The aim of this study was to construct a glucose regulatory algorithm by employing the natural pulsatile pattern of insulin secretion and the oscillatory pattern of resting blood glucose levels and further to regulate the blood glucose level in diabetic pigs by this method. We developed a control algorithm based on repetitive intravenous bolus injections of insulin and combined this with an intravascular blood glucose monitor. Four anesthetized pigs were used in the study. The animals developed a mildly diabetic state from streptozotocin pretreatment. They were steadily brought within the blood glucose target range of 4.5–6.0 mmol/L in 21 to 121 min and kept within that range for 128 to 238 min (hypoglycemic values varied from 2.9 to 51.1 min). The study confirmed our hypotheses regarding the feasibility of this new principle for blood glucose control, and the algorithm was constantly improved during the study to produce the best results in the last animals.

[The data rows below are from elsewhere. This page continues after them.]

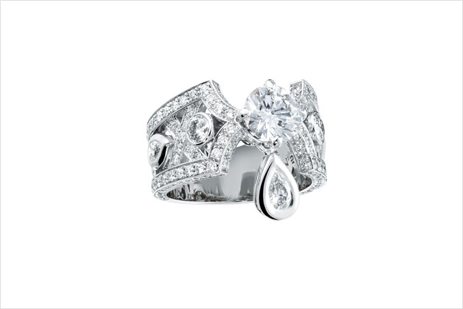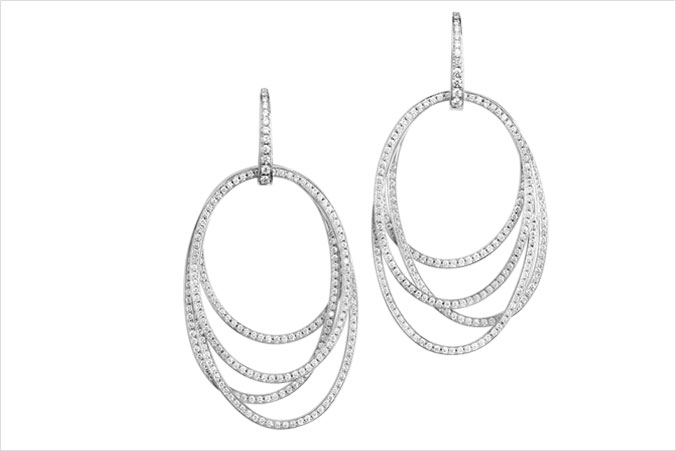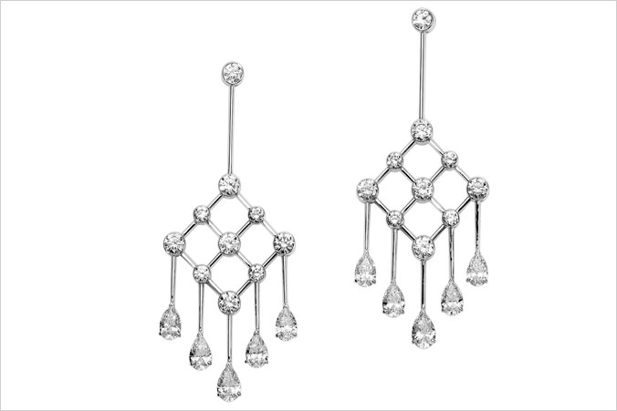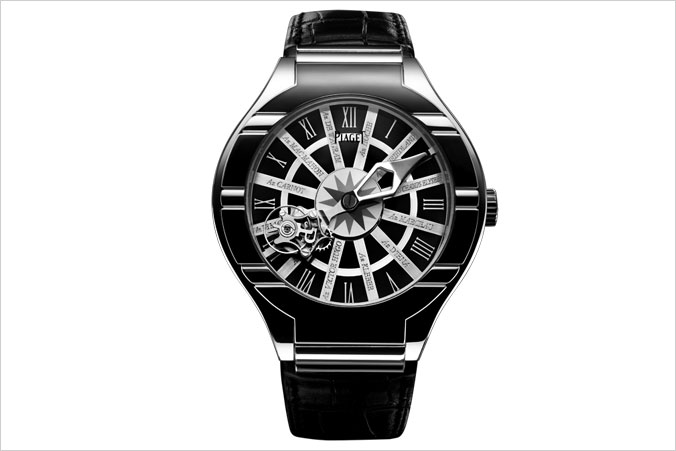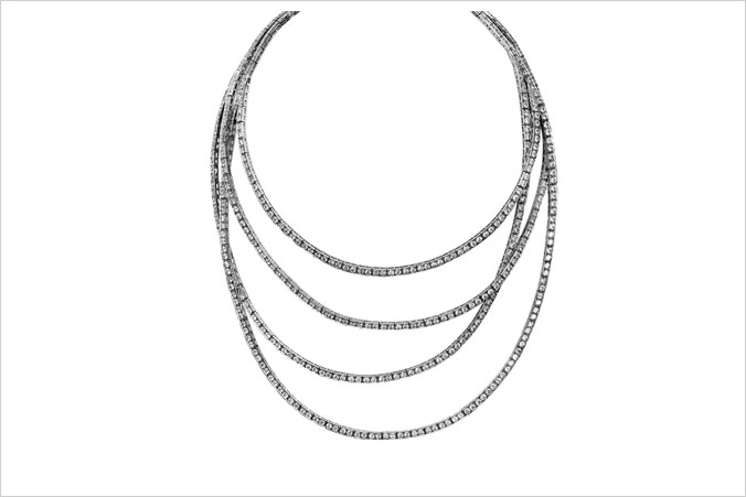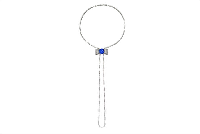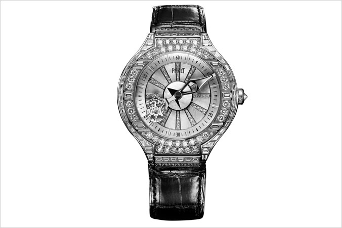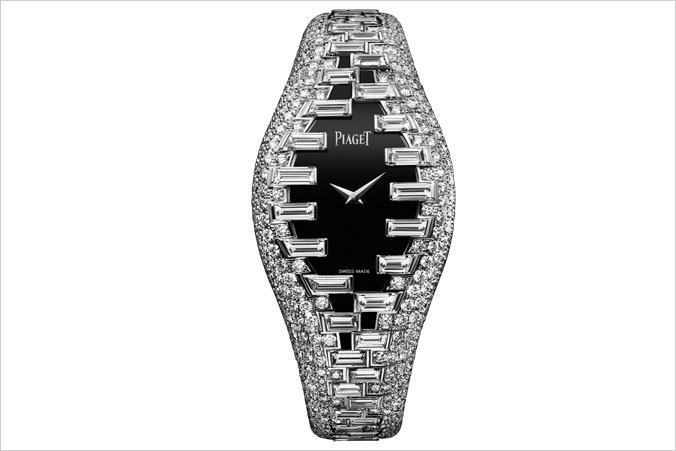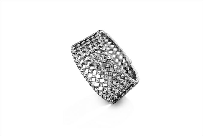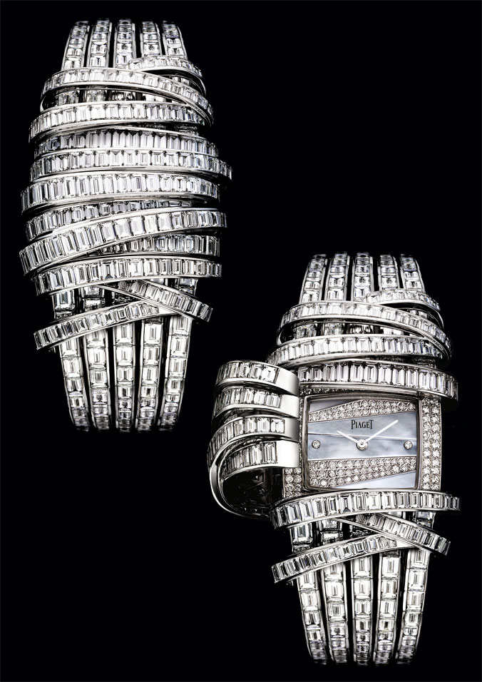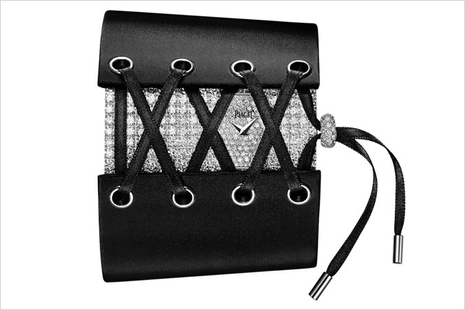在进行试装前,这一系列的珠宝预先被展示在铭镶了Piaget标示的人形模特儿上,成列的钻石在腕表或项链上排列出马甲的交错图案,或是手链上数以百计的钻石光点所编织的网状细目,以及长链上的钻石蝴蝶结。你甚至会发现,就连梨形切割钻石,都以“刺绣”的设计概念纹上了一只钻石颈圈。
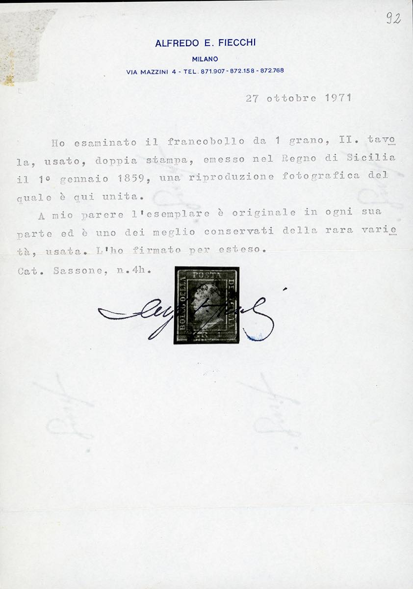 1859 - 1 grano bruno oliva, II tavola, DOPPIA STAMPA VERTICALE (4h), usato, perfetto. Molto bello e raro, pochi esistenti. Emilio Diena, cert. Fiecchi ed Enzo Diena. Ex coll. Imperato.
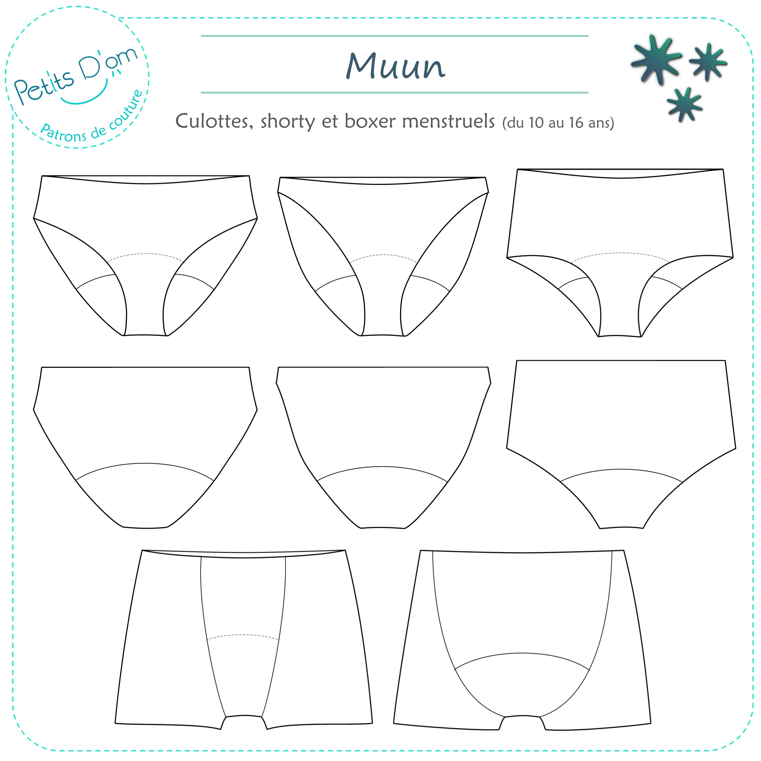 MUUN – patron de culottes, shorty et boxer menstruels du 10 au 16 ans
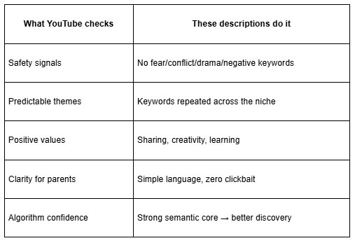 Uma boa descrição para um canal de conteúdo infantil no YouTube deve cumprir cinco critérios:
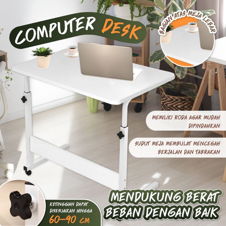 Meja Laptop Portable Standing Desk Meja Belajar Komputer Beroda Bertingkat Multifungsi
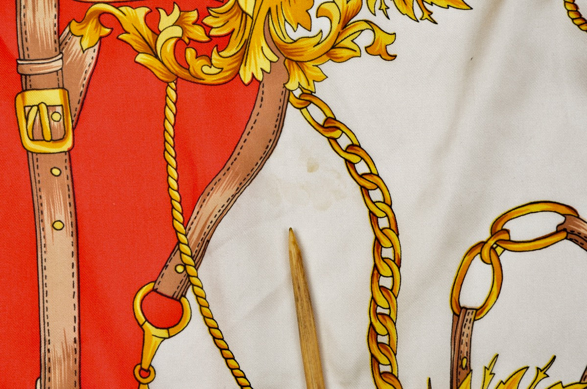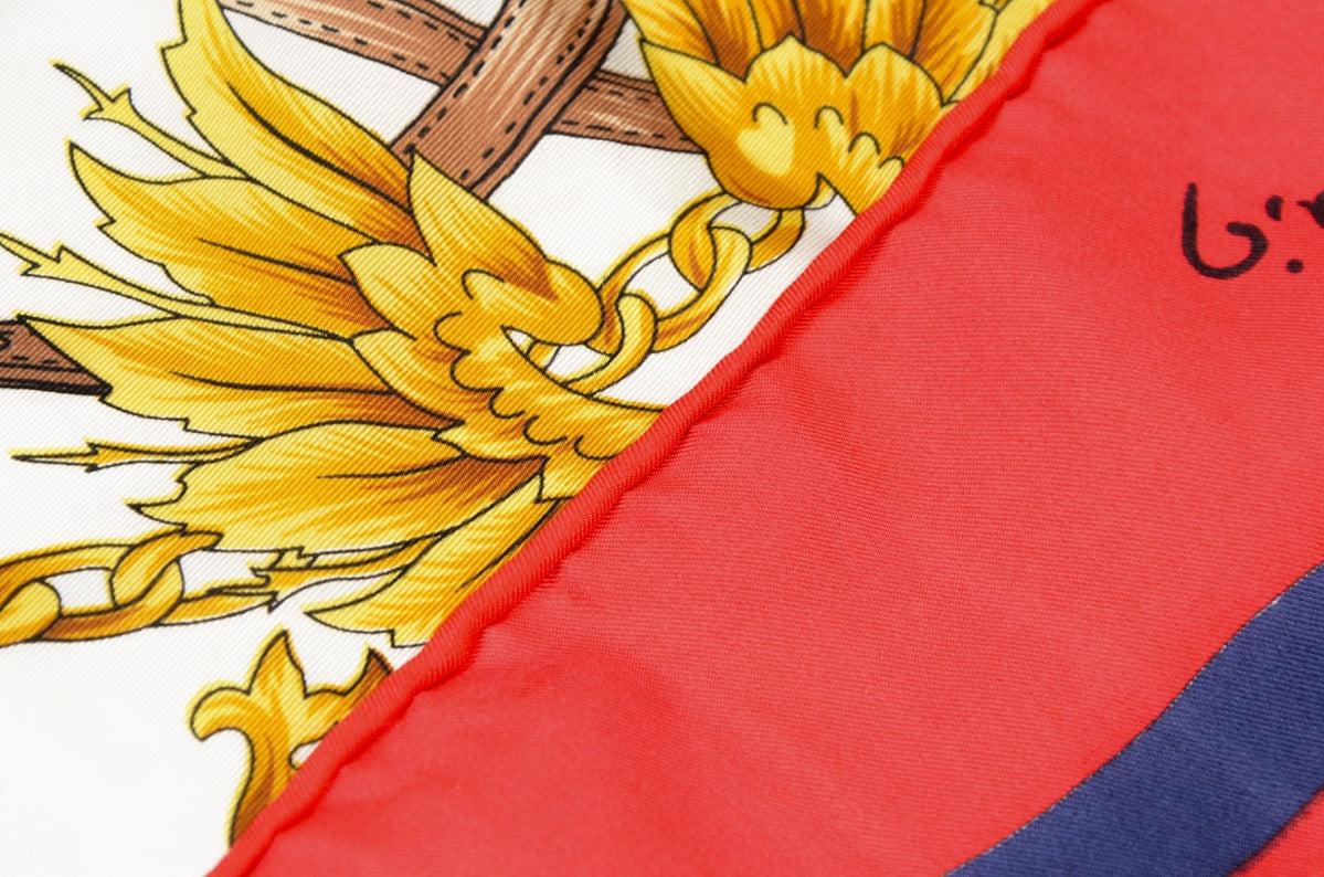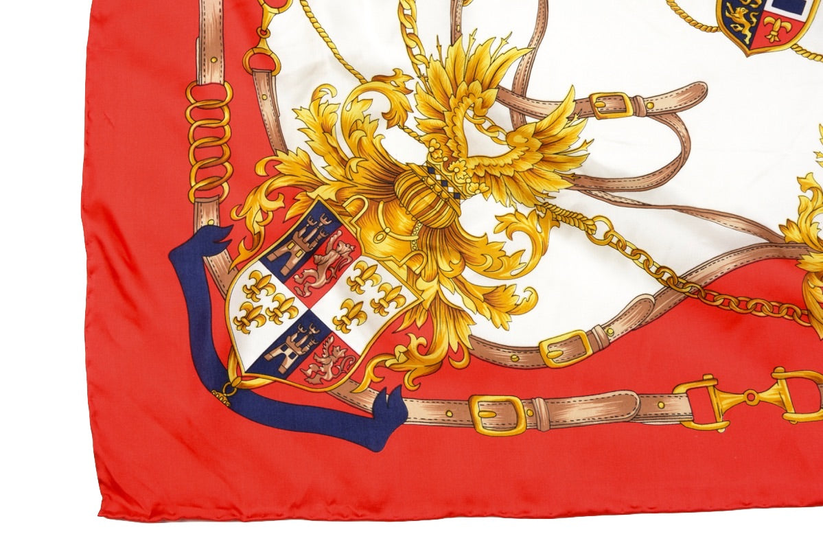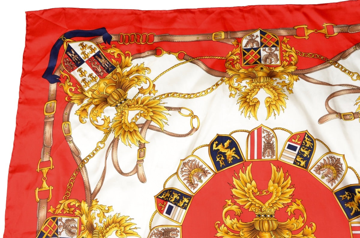 Seidenschal von Pierre Cardin mit königlichem Motiv und handgerollten Kanten. Kein Stoffanhänger, sondern aus Seide.
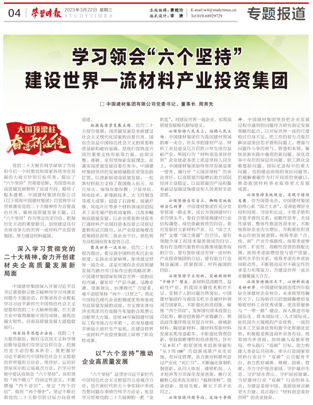 近日,《學(xué)習(xí)時報》“大國頂梁柱 奮進(jìn)新征程”專欄刊發(fā)了中國建材集團(tuán)黨委書記、董事長周育先署名文章。文章聚焦高質(zhì)量發(fā)展主題,以“六個堅持”科學(xué)方法論指引我們加快建設(shè)世界一流材料產(chǎn)業(yè)投資集團(tuán),努力建設(shè)材料強國。
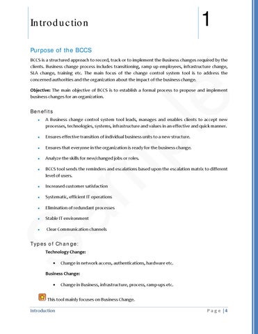 BCCS is a structured approach to record, track or to implement the Business changes required by the clients. Business change process includes transitioning, ramp up employees, infrastructure change, SLA change, training etc. The main focus of the change control system tool is to address the concerned authorities and the organization about the impact of the business change.

The main obstacles were the drift of the IvS-1 sensor and problems with the calibration procedure, which calls for an improvement in the sensor stability before this method can be applied fully in new studies in animals and humans.

1. Introduction

The development of an artificial endocrine pancreas (AEP), composed of a system of continuous blood glucose monitoring and automated insulin infusion, has been a long sought-after solution in diabetic care [1]. The intravascular approach to both glucose sensing and insulin delivery was abandoned in the late 80s, so current research is focused on subcutaneous glucose measurements and subcutaneous insulin administration [2]. However, the performance of these systems are still less than satisfactory, even though there have been some recent advances [35]. We think it is time to reexamine the intravascular approach as this calls for substantial benefits despite its invasiveness.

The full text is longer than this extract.